Mouse oocytes and early embryos express multiple histone H1 subtypes

Germaine Fu, Parinaz Ghadam, Allen Sirotkin, Saadi Khochbin, Arthur I. Skoultchi, Hugh J. Clarke

Research output: Contribution to journalArticle

35 Scopus citations

Abstract

Oocytes and embryos of many species, including mammals, contain a unique linker (H1) histone, termed H1oo in mammals. It is uncertain, however, whether other H1 histones also contribute to the linker histone complement of these cells. Using immunofluorescence and radiolabeling, we have examined whether histone H10, which frequently accumulates in the chromatin of nondividing cells, and the somatic subtypes of H1 are present in mouse oocytes and early embryos.

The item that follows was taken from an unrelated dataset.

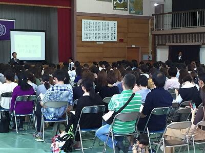 その後開催されたPTA総会、事前に準備していた椅子が足りなくなり追加するほど、これまた多くの方々にご出席いただきました。保護者、教職員合わせて総出席者数221名、本当にありがたいことです。動画とプレゼンテーションによる学校長の経営説明や新会長からのPTAの新たな挑戦のお話、読み聞かせ『どんぐりの会』感謝状贈呈等、限られた時間の中で、会はスムーズに進行していきました。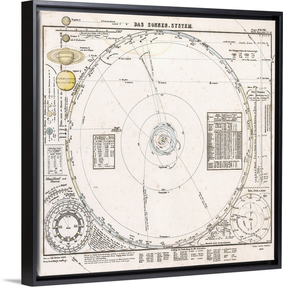 <p>Historical map of the solar system, published in Germany in 1853. The main diagram shows the orbits of the first seven planets out to Uranus. Neptune had been discovered in 1846, but is only shown on the list at upper left. Pluto was not discovered until 1930. The phases of the Moon are illustrated at lower left. Details of Saturn's rings are shown at upper right, while conjunctions of Mercury and Venus are shown at lower right. The main diagram, drawn to scale, shows how the inner solar system is tiny when compared to the vast distances of the outer solar system. The highly elliptical orbits of comets are shown, as well as the asteroid belt.</p>

We report that oocytes and embryos contain mRNA encoding H10. A polymerase chain reaction-based test indicated that the poly(A) tail did not lengthen during meiotic maturation, although it did so beginning at the four-cell stage. Antibodies raised against histone H10 stained the nucleus of wild-type prophase-arrested oocytes but not of mice lacking the H10 gene. Following fertilization, H10 was detected in the nuclei of two-cell embryos and less strongly at the four-cell stage. No signal was detected in H10 -/- embryos. Radiolabeling revealed that species comigrating with the somatic H1 subtypes H1a and H1c were synthesized in maturing oocytes and in one- and two-cell embryos. Beginning at the four-cell stage in both wild-type and H10 -/- embryos, species comigrating with subtypes H1b, H1d, and H1e were additionally synthesized. These results establish that histone H10 constitutes a portion of the linker histone complement in oocytes and early embryos and that changes in the pattern of somatic H1 synthesis occur during early embryonic development. Taken together with previous results, these findings suggest that multiple H1 subtypes are present on oocyte chromatin and that following fertilization changes in the histone H1 complement accompany the establishment of regulated embryonic gene expression.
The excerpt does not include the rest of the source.